I use masonry nails, personally, though I have broken them quite a few times since I'm still figuring things out.
Currently I have a modified arbor press from harbor freight for punching holes in the overlaps. I utilized Clang's design (thanks dood!

). I basically made this (
http://clang.adkinssoftware.com/tool%20 ... %2001.html) but I use a ground masonry nail in place of the leather punch and I don't have the plastic surface shown there. Instead I use a metal surface with a small hole in it as the die to allow the masonry nail bit to pass through a bit after piercing the overlap. I use this tool since I am not good enough to punch holes by hand reliably and for some reason I didn't feel like making punching tongs.

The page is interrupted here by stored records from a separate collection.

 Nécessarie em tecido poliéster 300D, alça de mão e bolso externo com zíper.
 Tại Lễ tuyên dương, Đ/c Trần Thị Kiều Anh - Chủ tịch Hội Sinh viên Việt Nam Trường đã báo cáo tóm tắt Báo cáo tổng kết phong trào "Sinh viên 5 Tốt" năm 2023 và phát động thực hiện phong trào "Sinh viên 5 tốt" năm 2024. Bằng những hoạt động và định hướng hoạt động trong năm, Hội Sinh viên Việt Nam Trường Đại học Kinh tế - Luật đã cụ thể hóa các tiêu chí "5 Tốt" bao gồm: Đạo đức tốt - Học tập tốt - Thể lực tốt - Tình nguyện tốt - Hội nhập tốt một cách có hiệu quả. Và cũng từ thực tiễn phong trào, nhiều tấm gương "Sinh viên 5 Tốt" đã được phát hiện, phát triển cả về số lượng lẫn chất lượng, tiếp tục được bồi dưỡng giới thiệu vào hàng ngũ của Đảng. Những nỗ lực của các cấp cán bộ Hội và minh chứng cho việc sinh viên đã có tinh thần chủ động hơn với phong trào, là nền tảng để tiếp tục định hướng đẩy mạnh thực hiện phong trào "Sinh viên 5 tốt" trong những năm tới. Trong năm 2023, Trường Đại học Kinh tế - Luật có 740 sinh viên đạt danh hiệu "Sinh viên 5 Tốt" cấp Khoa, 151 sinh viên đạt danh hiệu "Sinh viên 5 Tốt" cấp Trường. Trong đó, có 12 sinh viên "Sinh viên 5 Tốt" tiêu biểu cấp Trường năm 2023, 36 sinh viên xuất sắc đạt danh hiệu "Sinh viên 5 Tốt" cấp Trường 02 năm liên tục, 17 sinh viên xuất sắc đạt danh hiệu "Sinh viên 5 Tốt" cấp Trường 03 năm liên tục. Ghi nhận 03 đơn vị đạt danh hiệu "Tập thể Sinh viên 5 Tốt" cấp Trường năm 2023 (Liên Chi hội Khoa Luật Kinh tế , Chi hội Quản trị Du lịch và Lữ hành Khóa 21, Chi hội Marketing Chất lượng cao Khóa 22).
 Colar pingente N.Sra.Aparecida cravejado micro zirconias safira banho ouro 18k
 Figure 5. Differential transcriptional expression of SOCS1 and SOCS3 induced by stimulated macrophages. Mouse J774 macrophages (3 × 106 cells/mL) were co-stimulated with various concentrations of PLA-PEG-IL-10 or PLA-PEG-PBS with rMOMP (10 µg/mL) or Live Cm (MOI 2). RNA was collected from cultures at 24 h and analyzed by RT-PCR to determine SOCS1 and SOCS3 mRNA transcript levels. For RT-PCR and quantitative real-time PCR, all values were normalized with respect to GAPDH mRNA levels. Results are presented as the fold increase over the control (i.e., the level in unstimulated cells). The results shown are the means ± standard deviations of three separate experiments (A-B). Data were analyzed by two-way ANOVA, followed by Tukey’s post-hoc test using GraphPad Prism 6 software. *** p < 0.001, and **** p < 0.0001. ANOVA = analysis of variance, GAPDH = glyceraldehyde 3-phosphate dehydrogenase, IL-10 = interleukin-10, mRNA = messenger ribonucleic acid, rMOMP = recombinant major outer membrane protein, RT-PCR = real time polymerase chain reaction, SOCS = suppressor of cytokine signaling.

When making this thing, be sure to use a hard metal (like a tiny piece of tool steel, or even the top of a masonry nail!) for the die. Do not try to use mild steel or anything that will easily deform after repeated punching. And also, don't use more force than is needed to punch the overlap, or else your bits will have a short life. These two things are my latest discoveries.
After figuring this punching situation out, I am going to have to figure out the best design for an even trickier tool: the rivet peining/overlap-swaging tongs. I will certainly share what I find when I get to that.

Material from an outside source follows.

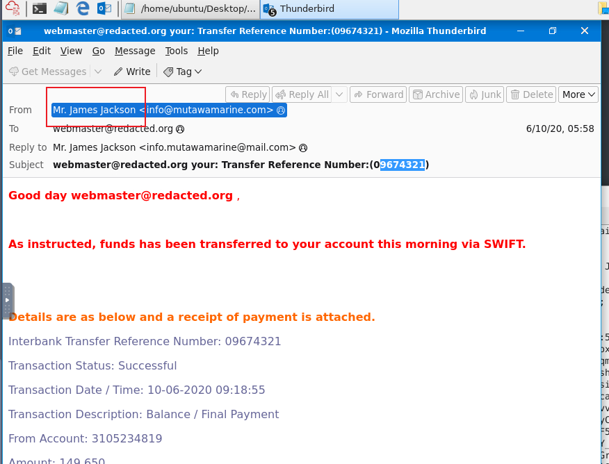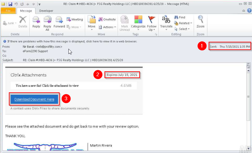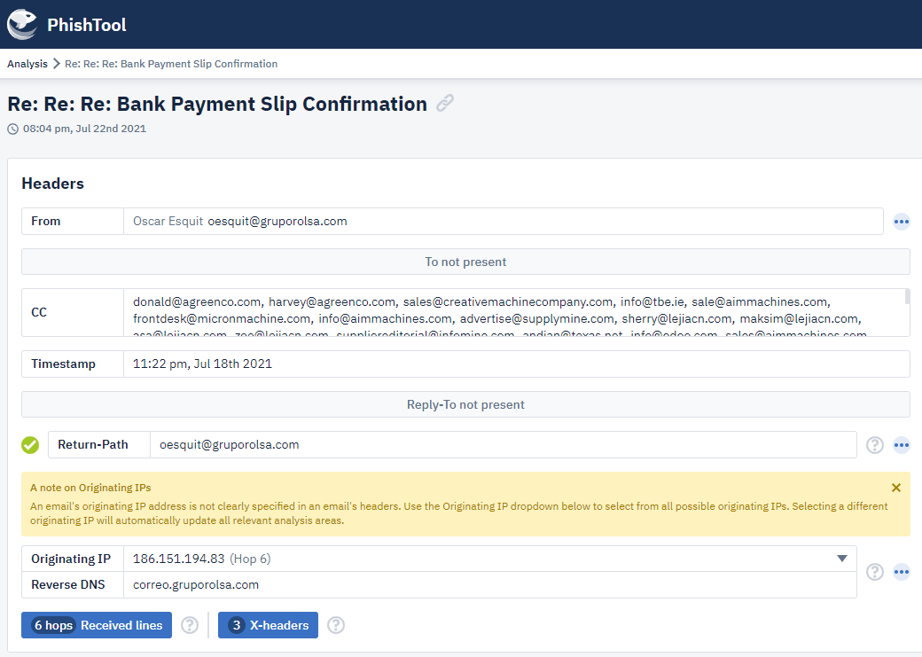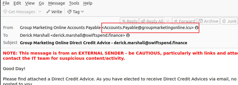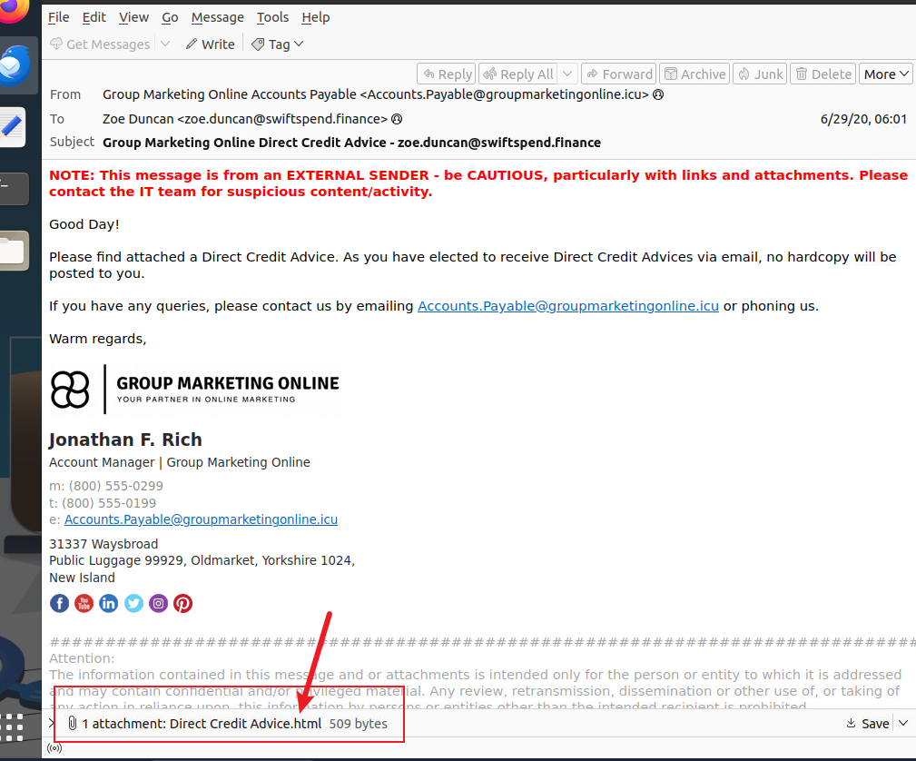 Greenholt PLC的一位销售主管收到了一封他意料之外的客户邮件。他表示,这位客户从不使用“您好”之类的通用问候语,而且他从未期望收到任何转账。 邮件中还包含一个他从未要求过的附件。他已将邮件转发给安全运营中心 ( SOC ) 部门进行进一步调查。

If you want to make punching tongs instead or have any other questions, I HIGHLY recommend you join the rivetedmaille yahoo group and check out the pictures.
http://groups.yahoo.com/group/rivetedmaille/ Also, Julio Junco Flores and Pekka are two of the nicest doods ever and make great stuff that I would wager approaches the quality of even Erik Schmid's stuff. They are good people to go to for help and info, and also have posted good photos of their tools and methods.
Also, this thread (
viewtopic.php?t=33995&highlight=riveted+maille+tools) read it thoroughly! It has excellent information! Anything Erik Schmid says about riveted maille is to be trusted!
Re: Maille flattening
Posted: Fri Apr 08, 2011 10:16 pm
by Thansen
Hi
I've also modified an 1/2 HF arbor press for punching rings. It's been a learning process, but the scrap rate has been going down with practice.
The first mod was to remove the stock table and tap the hole that the table spring-pin pivoted in for a 5/16-18 hex cap screw. The existing hole wasn't exactly the correct size, but it was close enough to tap without needing to drill out the base.
The table was replaced with a disk of steel from the drops bin of a local steel yard. The disk I happened to find was 3 ½" diameter and 5/8" thick. I drilled a hole in the center of the new table to pivot on the 5/16" bolt. I fixed a masonry nail with the head cut off in the end of the ram and used it to scribe a circle around the central bolt hole. A 3/8" hole was drilled and tapped on the scribed circle to hold the anvil bolt
I've been using 3/8" grade 8 bolts as anvils. To prepare them the grade markings are sanded off the heads. I've been annealing the bolts to make them easier to drill. It's been possible to drill them hardened, but the tiny bits tend to break.
There are more pictures of the modified press that I could post if there is any interest.
thansen
A 1/16" hole is drilled off center in the bolt head. The reason for drilling off-center is to allow exactly lining up the punch tip with the center of the hole in the anvil by rotating the table and spinning the anvil bolt. When the punch is exactly lined up on the center of the die the table is clamped down . I've been putting three die holes in each bolt head. After drilling I've been hardening them.
When a hole gets chewed up I can switch to a new die hole without having to replace the anvil.
One thing I've noticed while using the punch is that the fire scale will tend to fall off the link and get compacted into the whole when you see that happen it's a good idea to stop and use a small bill wire or toothpick to clear out the scale or the hole in the anvil will become packed tightly with material and the rings will not punch cleanly.